Shadow transports can be used for a number of different purposes, including keeping more detailed log information than Exim normally provides, and implementing automatic acknowledgement policies based on message headers that some sites insist on.
This option sets up a filtering (in the Unix shell sense) process for messages at transport time. It should not be confused with mail filtering as set up by individual users or via a system filter.
When the message is about to be written out, the command specified by transport_filter is started up in a separate process, and the entire message, including the header lines, is passed to it on its standard input (this in fact is done from a third process, to avoid deadlock). The command must be specified as an absolute path.
The message is passed to the filter before any SMTP-specific processing, such as turning \n into \r\n and escaping lines beginning with a dot, and also before any processing implied by the settings of check_string and escape_string in the appendfile or pipe transports.
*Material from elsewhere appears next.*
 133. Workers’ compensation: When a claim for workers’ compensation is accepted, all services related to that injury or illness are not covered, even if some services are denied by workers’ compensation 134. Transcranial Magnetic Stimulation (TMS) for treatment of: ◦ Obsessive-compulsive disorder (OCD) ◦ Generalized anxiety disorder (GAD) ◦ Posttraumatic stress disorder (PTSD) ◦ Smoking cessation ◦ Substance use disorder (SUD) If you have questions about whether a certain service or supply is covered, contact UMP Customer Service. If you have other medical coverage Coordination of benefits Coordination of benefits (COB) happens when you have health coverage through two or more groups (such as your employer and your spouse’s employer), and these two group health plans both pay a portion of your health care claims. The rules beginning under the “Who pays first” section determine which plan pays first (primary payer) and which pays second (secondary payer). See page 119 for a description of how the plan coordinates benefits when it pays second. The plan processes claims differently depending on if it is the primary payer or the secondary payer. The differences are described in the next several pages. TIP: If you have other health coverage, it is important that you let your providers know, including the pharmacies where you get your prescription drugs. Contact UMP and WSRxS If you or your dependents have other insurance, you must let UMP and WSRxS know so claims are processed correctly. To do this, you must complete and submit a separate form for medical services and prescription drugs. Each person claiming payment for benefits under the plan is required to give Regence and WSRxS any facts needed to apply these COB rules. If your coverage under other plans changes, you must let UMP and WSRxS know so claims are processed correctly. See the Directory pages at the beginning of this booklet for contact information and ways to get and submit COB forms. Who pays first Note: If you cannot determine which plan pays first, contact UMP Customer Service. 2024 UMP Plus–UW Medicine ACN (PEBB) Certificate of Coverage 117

The filter's standard output is read and written to the message's destination. The filter can perform any transformations it likes, but of course should take care not to break RFC 2822 syntax. A demonstration Perl script is provided in util/transport-filter.pl; this makes a few arbitrary modifications just to show the possibilities. Exim does not check the result, except to test for a final newline when SMTP is in use. All messages transmitted over SMTP must end with a newline, so Exim supplies one if it is missing.
A problem might arise if the filter increases the size of a message that is being sent down an SMTP connection. If the receiving SMTP server has indicated support for the SIZE parameter, Exim will have sent the size of the message at the start of the SMTP session. If what is actually sent is substantially more, the server might reject the message. This can be worked round by setting the size_addition option on the smtp transport, either to allow for additions to the message, or to disable the use of SIZE altogether.
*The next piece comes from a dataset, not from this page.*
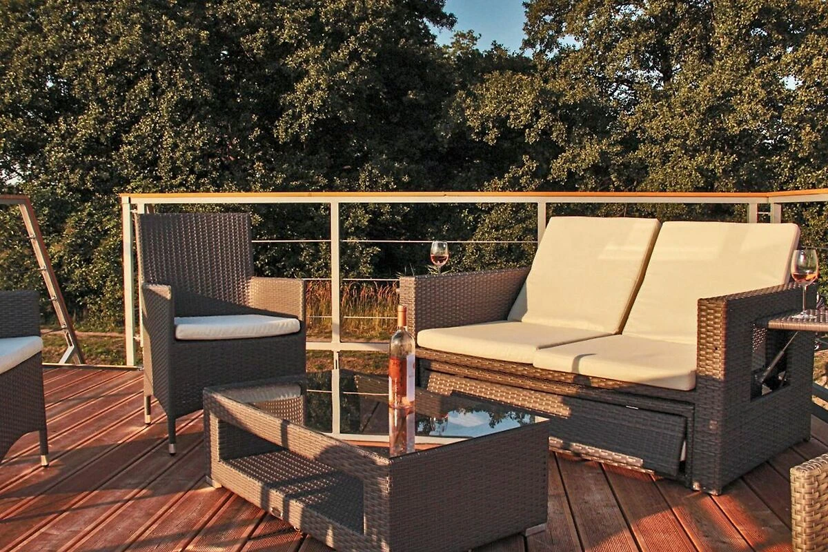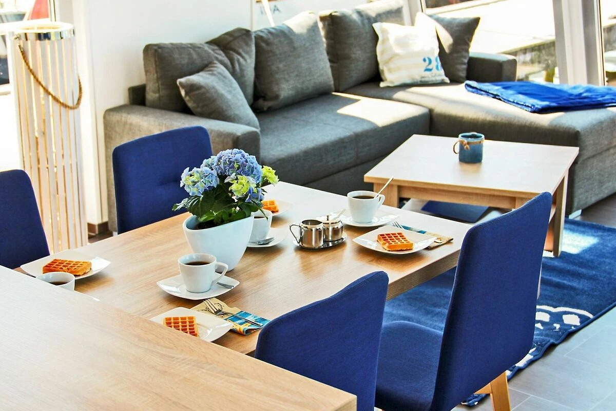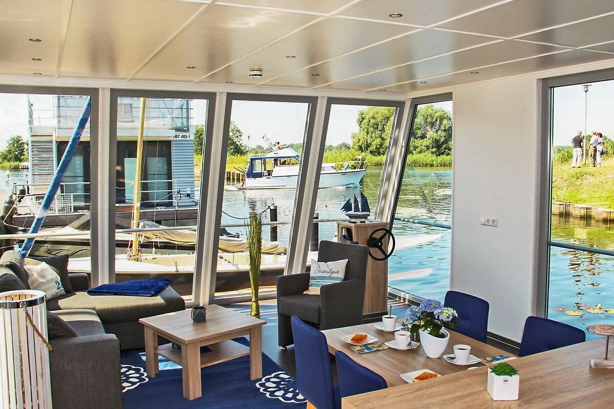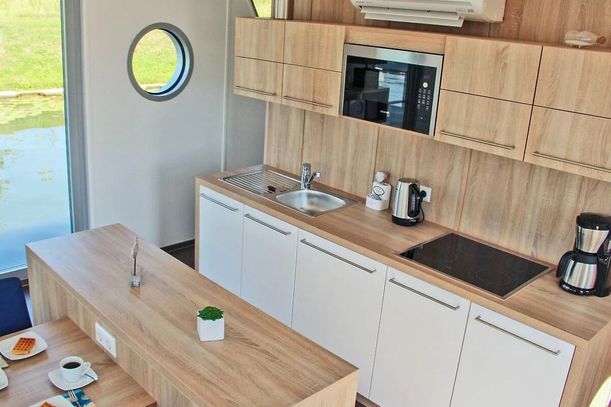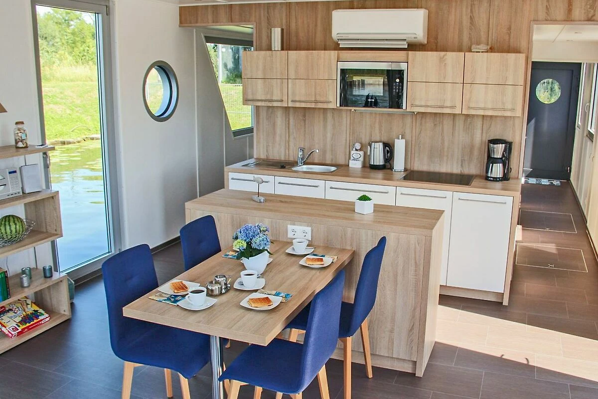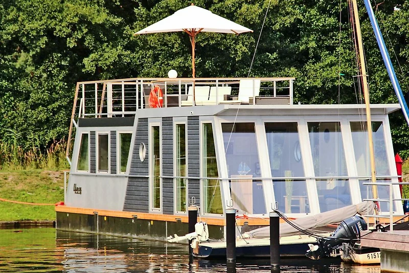 Floating House Xenia liegt ruhig am Rand der Marina Ueckermünde mit direktem Blick auf das Wasser und nur einen kurzen Spaziergang vom feinsandigen Strand entfernt. Das modern und maritim gestaltete Hausboot bietet mit seinen 55m² Wohnfläche und zwei separaten Schlafzimmern Platz für bis zu 3 Personen. Damit ist Xenia ideal für Paare oder kleine Familien, die einen entspannten Urlaub in Wassernähe suchen. Im Inneren erwartet dich ein grosszügiger Wohnbereich mit gemütlicher Eck-Couch, einem Esstisch und einer offen integrierten Küche. Diese ist ausgestattet mit Ceran-Kochfeld (2 Platten), Mikrowelle, Spülmaschine, Kühlschrank, Kaffeemaschine, Toaster, Wasserkocher und allem, was du für die Zubereitung deiner Lieblingsgerichte brauchst. Grosse Fensterfronten lassen viel Licht herein und holen dir das Wasser direkt ins Wohnzimmer. Das Schlafzimmer mit Doppelbett (160x200) sowie ein weiteres mit Einzelbett (90x200) bieten dir ruhige Rückzugsorte mit Wohlfühlatmosphäre. Die komfortable Regen-Dusche und das separate WC mit Waschbecken sorgen für den täglichen Komfort. Als besonderes Highlight erwartet dich an Bord eine Infrarot-Wärmekabine für zwei Personen perfekt für entspannte Stunden, wenn draussen mal eine frische Brise weht. Noch mehr Urlaubsgefühl schenkt dir die grosszügig möblierte Dachterrasse. Ausgestattet mit Sofa, Sesseln, Liege und Sonnenschirm ist sie dein privater Lieblingsplatz zum Sonnenbaden, Lesen oder einfach zum Schiffe-Gucken. Selbstverständlich steht dir auch ein kostenfreier Parkplatz am Hafen zur Verfügung. An Bord findest du ausserdem Sat-TV, Radio und CD-Player und eine Klimaanlage mit Heizfunktion. Ein kleiner, gut erzogener Hund ist bei uns herzlich willkommen.Bei den Fotos handelt es sich um Beispielfotos, die Ausstattung kann abweichen.

The value of the option is the command string for starting up the filter, which is run directly from Exim, not under a shell. The string is parsed by Exim in the same way as a command string for the pipe transport: Exim breaks it up into arguments and then expands each argument separately. The special argument $pipe_addresses is replaced by a number of arguments, one for each address that applies to this delivery. (This isn't an ideal name for this feature here, but as it was already implemented for the pipe transport, it seemed sensible not to change it.)
The expansion variables $host and $host_address are available when the transport is a remote one. They contain the name and IP address of the host to which the message is being sent. For example:
transport_filter = /some/directory/transport-filter.pl \ $host $host_address $sender_address $pipe_addresses
The filter process is run under the same uid and gid as the normal delivery. For remote deliveries this is the Exim uid/gid by default.
If a transport filter is set on an autoreply transport, the original message is passed through the filter as it is being copied into the newly generated message, which happens if the return_message option is set.
When Exim is reading the output of a transport filter, it a applies a timeout that can be set by this option. Exceeding the timeout is treated as a temporary delivery failure.
This option specifies the user under whose uid the delivery process is to be run, overriding any uid that may have been set by the router. If the user is given as a name, the uid is looked up from the password data, and the associated group is taken as the value of the gid to be used if the group option is not set.
For deliveries that use local transports, a user and group are normally specified explicitly or implicitly (for example, as a result of check_local_user) by the router or transport.
For remote transports, you should leave this option unset unless you really are sure you know what you are doing. When a remote transport is running, it needs to be able to access Exim's hints databases, because each host may have its own retry data.